More than 300 news outlets, including the New York Times and the Guardian, have today run a co-ordinated series of editorials condemning US President Donald Trump’s attacks on the media.

Trump has repeatedly described the media as “fake news” and “the enemy of the American people” in public addresses and tweets.

Today’s editorial campaign was started by the Boston Globe, who called on newsrooms across the US to join it in defending against Trump’s attacks – which it described as as “fundamental threat” – “in their own words”.

“This relentless assault on the free press has dangerous consequences,” the Globe wrote in a leader column.

“Today in the United States we have a president who has created a mantra that members of the media who do not blatantly support the policies of the current US administration are the ‘enemy of the people’.

“This is one of the many lies that have been thrown out by this president, much like an old-time charlatan threw out ‘magic’ dust or water on a hopeful crowd.”

The paper, which was immortalised in the Oscar-winning film Spotlight, has described Trump’s attacks as a “dirty war against the free press”.

Trump has ramped up his rhetoric against the press in recent months. He first called the New York Times and broadcasters NBC News, CNN, ABC and CBS the “enemy of the American people”in a tweet in February last year.

  

Other newspapers taking part in the campaign include the New York Post, Chicago Sun Times, Miami Herald, Philadelphia Inquirer and a number of other smaller, regional papers.

The New York Times published an opinion piece calling on readers to “please subscribe to your local papers.” It added: “Praise them when you think they’ve done a good job and criticise them when you think they could do better. We’re all in this together.”

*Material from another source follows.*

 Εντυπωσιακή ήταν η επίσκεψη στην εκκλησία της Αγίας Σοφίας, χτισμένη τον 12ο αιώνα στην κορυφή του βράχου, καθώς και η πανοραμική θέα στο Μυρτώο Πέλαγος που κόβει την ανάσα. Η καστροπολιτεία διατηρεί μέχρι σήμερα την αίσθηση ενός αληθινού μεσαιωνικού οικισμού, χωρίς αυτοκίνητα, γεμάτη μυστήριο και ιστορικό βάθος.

The Wall Street Journal did not take part, but columnist James Freeman had earlier written that the president has the right to freedom of speech as much as the media does, according to the BBC.

The New York Post said: “The Boston Globe has asked for a coordinated response today from newspapers across the country, to oppose President Trump’s labeling journalists as an ‘enemy of the people’.

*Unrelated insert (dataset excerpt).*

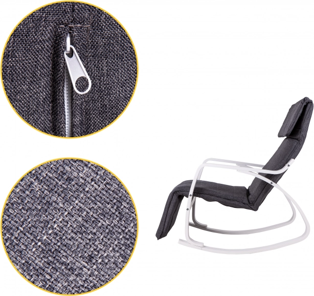 De schommelstoel van ModernHome is ontworpen voor maximaal comfort en rust. De stevige metalen constructie in wit is aangevuld met grijze textielbekleding, die een gezellige zitplek biedt. Dankzij de vijftraps verstelbare voetensteun kunt u eenvoudig de ideale positie instellen.

“Who are we to disagree? We support a free and vibrant press, a nation where the powerful are held to account by the Fourth Estate. Journalists are not the enemy of the people; we’re advocating for the people. We stand with our colleagues.”

But, it added: “Will this make a difference? Not one whit.”

The Guardian, which also publishes in the US, said: “Donald Trump is not the first US president to attack the press or to feel unfairly treated by it.

“But he is the first who appears to have calculated and consistent policy of undermining, delegitimising and even endangering the press’s work.

“The Guardian stands with the US in its efforts to maintain the objectivity and the moral boundaries that this president – like so many others in much more dangerous parts of the world – is doing so much to destroy.”

Earlier this month White House press secretary Sarah Huckabee Sanders refused to say the press was not the enemy of the people when repeatedly asked to do so by a reporter at a press conference.

She said: “As far as I know, I’m the first press secretary in the United States that has required secret service protection…

“The media continues to ratchet up the verbal assault against the President and everyone in this administration.

“Certainly we have a role to play, but the media has a role to play for the discourse in this country as well.”

Five staff, including four journalists, at US daily newspaper the Capital Gazettein Maryland were killed in a newsroom shooting in late June.